BEGIN Records to process

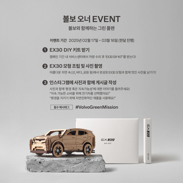볼보코리아,EX30 출시 기념 ‘2025 시즈널 서비스 캠페인’ 진행 [사진제공=볼보코리아] 오는 3월 16일까지는 ‘볼보와 함께하는 그린 플랜’ 소셜네트워크서비스(SNS) 이벤트를 진행한다. 서비스센터에서 받은 ‘볼보 EX30 DIY 키트’를 조립한 후 바다·산·공원 등 자연 속에서 완성된 EX30의 모형과 함께 사진을 촬영하고 해시태그(VolvoGreenMission)와 함께 SNS에 업로드하면 된다. 추첨을 통해 총 100명에게 스타벅스 e-기프트카드(3만원권)를 증정한다.
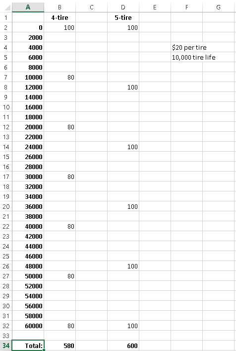 Quick spreadsheet check assuming 20 bucks per tire and 10k tire life. Both start with 5 tires.
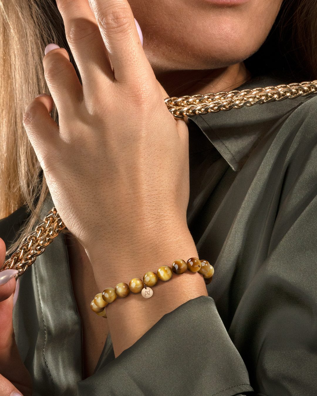 Das Armband Sicilia ist aus wunderschönen vergoldeteten Tigerauge. Das Armband besteht aus 8 mm großen Natursteinen und ist mit einer von Anna Velazia signierten Pastille verziert. Die Pastille ist aus rosévergoldetem Edelstahl.
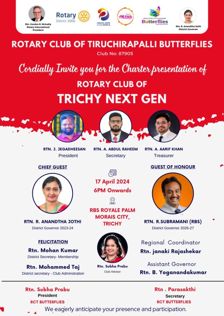 Rotary Club of Tiruchirappalli Butterflies (Club no 87905) President Rotarian Subha Prabhu launched the Rotary Club of Trichy Next Gen on 17th April 2024 at a grand event conducted at the RBS Royale Palm at Morais City, Trichy.
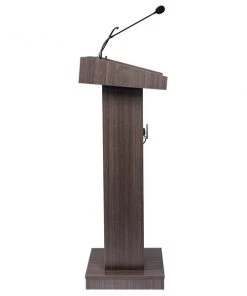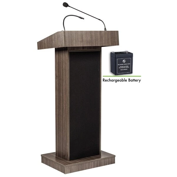 Meet your new versatile lectern! The Model #800X Orator is a functional and modern 40-watt sound lectern with a standing height of 46 inches, suitable for every speaker and environment. Enjoy a spacious reading surface illuminated by an updated black halogen lamp and a digital timepiece for monitoring speech duration. An ample 12" x 4" shelf space provides convenient and elegant storage, while the lectern’s four concealed easy-roll casters ensure smooth mobility. The Orator offers a wide range of multimedia options, including an updated 21” built-in gooseneck microphone, a tie-clip/lapel mic with 10' cable, and an amplifier that works with other OS optional wireless microphones. The unit also features an upgraded amplifier with Bluetooth/USB inputs. The Orator Lectern provides practical functionality and a premium finish to ensure successful multimedia presentations in conference rooms, meeting halls, auditoriums, cafeterias, and beyond.
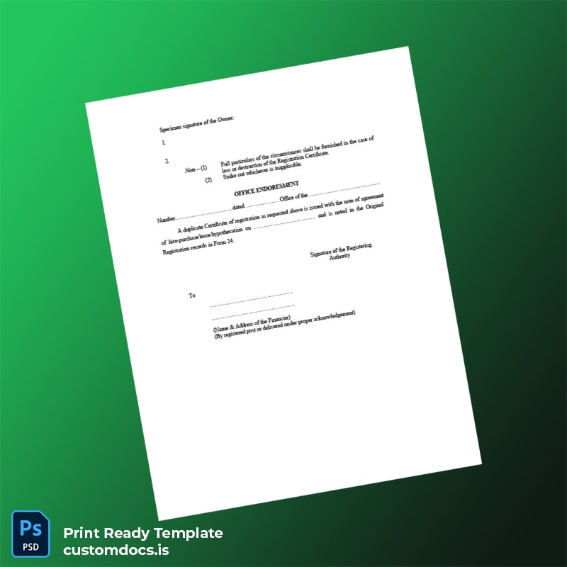 Replacing a lost or stolen vehicle registration certificate can be a stressful and time-consuming process. The India Registration Authority Duplicate Vehicle Registration Certificate Template – Word & PDF is designed to simplify this task for individuals and businesses alike, providing a fully editable and professional solution that meets official requirements.
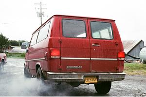 Nardina and her dog Bristol captain the local taxi which transports fishermen from King Salmon Airport to the Peter Pan Cannery. Naknek, Alaska
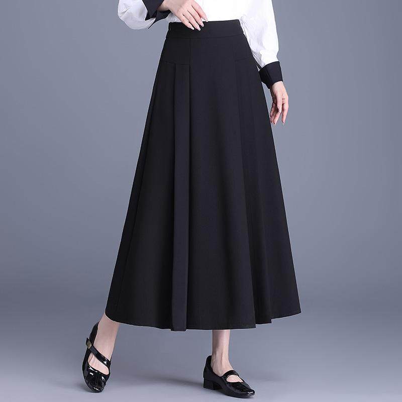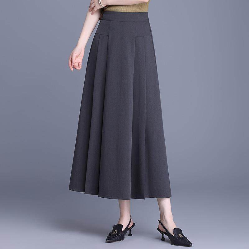 气质减龄长款半身裙女2026春季新款百褶遮肉显瘦高腰垂感A字裙子
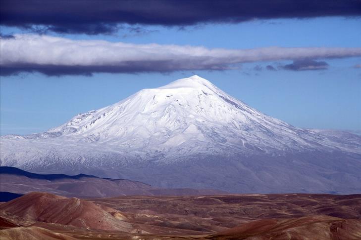 Havaların soğumasıyla Ağrı Dağı'na kar yağdı. 5 bin 137 metrelik yüksekliğiyle Anadolu'nun en yüksek dağı olan Ağrı Dağı, 2 bin 500 metresine kadar yağan kar ile kartpostallık görüntüler oluşturdu. (Selahattin Kaçuru - Anadolu Ajansı)Selahattin Kaçuru
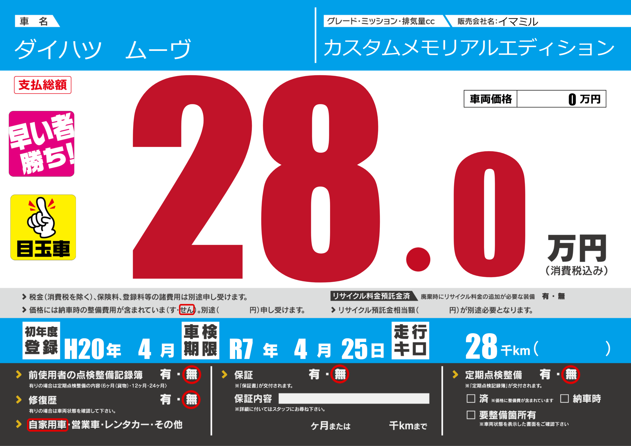| 走行キロ | 2.8万km | 初年度登録 | H20年4月 |
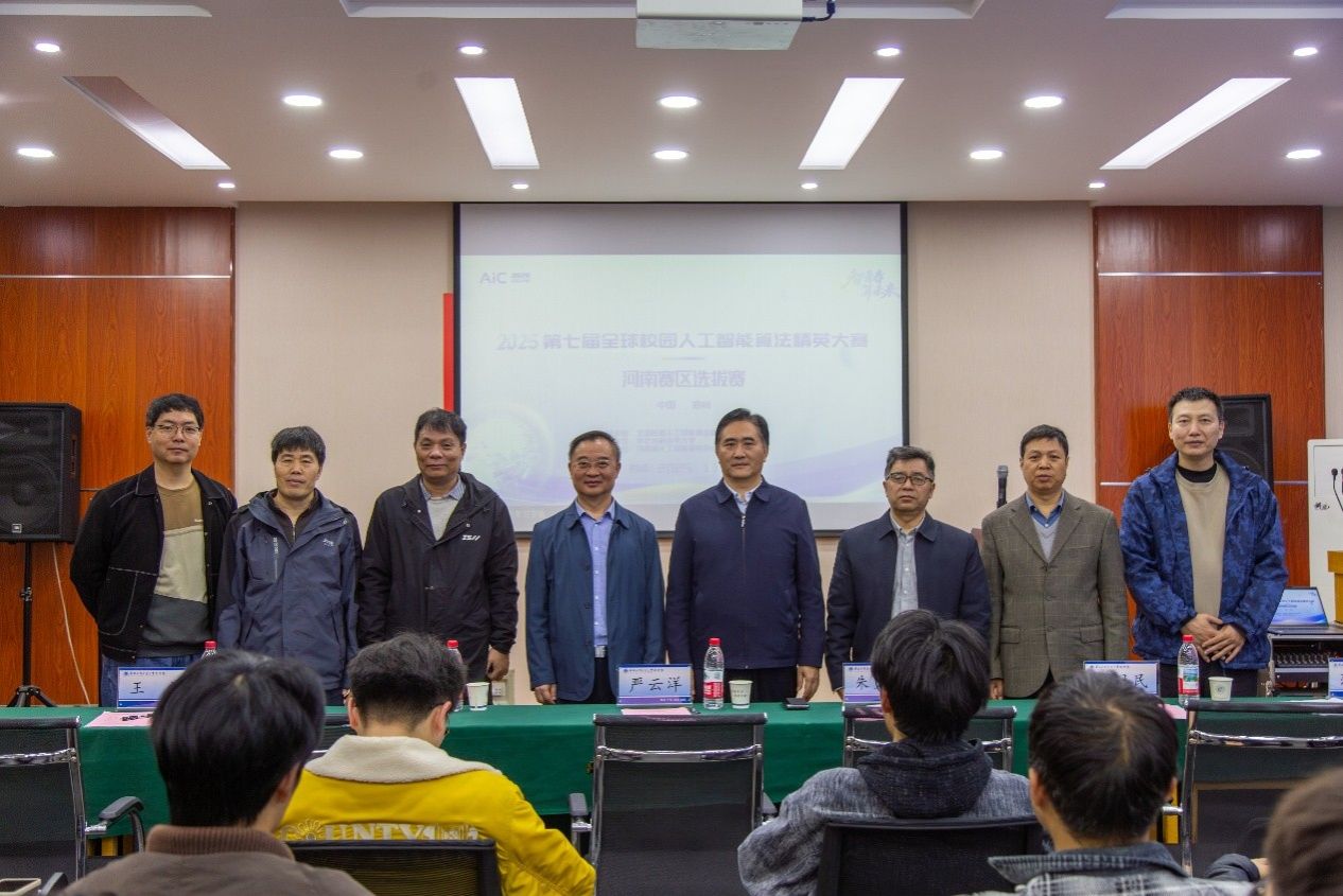 2025年11月8号上午,第七届全球校园人工智能算法精英大赛河南赛区选拔赛开幕式在我校龙子湖校区大学科技园207会议室举行。副校长李彦彬出席开幕式,国赛组委会委派淮阴工学院副校长严云洋莅临省赛现场督查、指导工作,我校工程实践与创新中心、信息工程学院与河南大学、河南职业技术学院等兄弟高校领导参加开幕式,开幕式由工程实践与创新中心副主任范钦栋主持。

END Records to process

* _Assigned task_
Exactly the lines from the top of the entries through the line with "Replacing a lost", inclusive, must be given again, with every picture omitted.

* _Task solution_
볼보코리아,EX30 출시 기념 ‘2025 시즈널 서비스 캠페인’ 진행 [사진제공=볼보코리아] 오는 3월 16일까지는 ‘볼보와 함께하는 그린 플랜’ 소셜네트워크서비스(SNS) 이벤트를 진행한다. 서비스센터에서 받은 ‘볼보 EX30 DIY 키트’를 조립한 후 바다·산·공원 등 자연 속에서 완성된 EX30의 모형과 함께 사진을 촬영하고 해시태그(VolvoGreenMission)와 함께 SNS에 업로드하면 된다. 추첨을 통해 총 100명에게 스타벅스 e-기프트카드(3만원권)를 증정한다.
 Quick spreadsheet check assuming 20 bucks per tire and 10k tire life. Both start with 5 tires.
 Das Armband Sicilia ist aus wunderschönen vergoldeteten Tigerauge. Das Armband besteht aus 8 mm großen Natursteinen und ist mit einer von Anna Velazia signierten Pastille verziert. Die Pastille ist aus rosévergoldetem Edelstahl.
 Rotary Club of Tiruchirappalli Butterflies (Club no 87905) President Rotarian Subha Prabhu launched the Rotary Club of Trichy Next Gen on 17th April 2024 at a grand event conducted at the RBS Royale Palm at Morais City, Trichy.
 Meet your new versatile lectern! The Model #800X Orator is a functional and modern 40-watt sound lectern with a standing height of 46 inches, suitable for every speaker and environment. Enjoy a spacious reading surface illuminated by an updated black halogen lamp and a digital timepiece for monitoring speech duration. An ample 12" x 4" shelf space provides convenient and elegant storage, while the lectern’s four concealed easy-roll casters ensure smooth mobility. The Orator offers a wide range of multimedia options, including an updated 21” built-in gooseneck microphone, a tie-clip/lapel mic with 10' cable, and an amplifier that works with other OS optional wireless microphones. The unit also features an upgraded amplifier with Bluetooth/USB inputs. The Orator Lectern provides practical functionality and a premium finish to ensure successful multimedia presentations in conference rooms, meeting halls, auditoriums, cafeterias, and beyond.
 Replacing a lost or stolen vehicle registration certificate can be a stressful and time-consuming process. The India Registration Authority Duplicate Vehicle Registration Certificate Template – Word & PDF is designed to simplify this task for individuals and businesses alike, providing a fully editable and professional solution that meets official requirements.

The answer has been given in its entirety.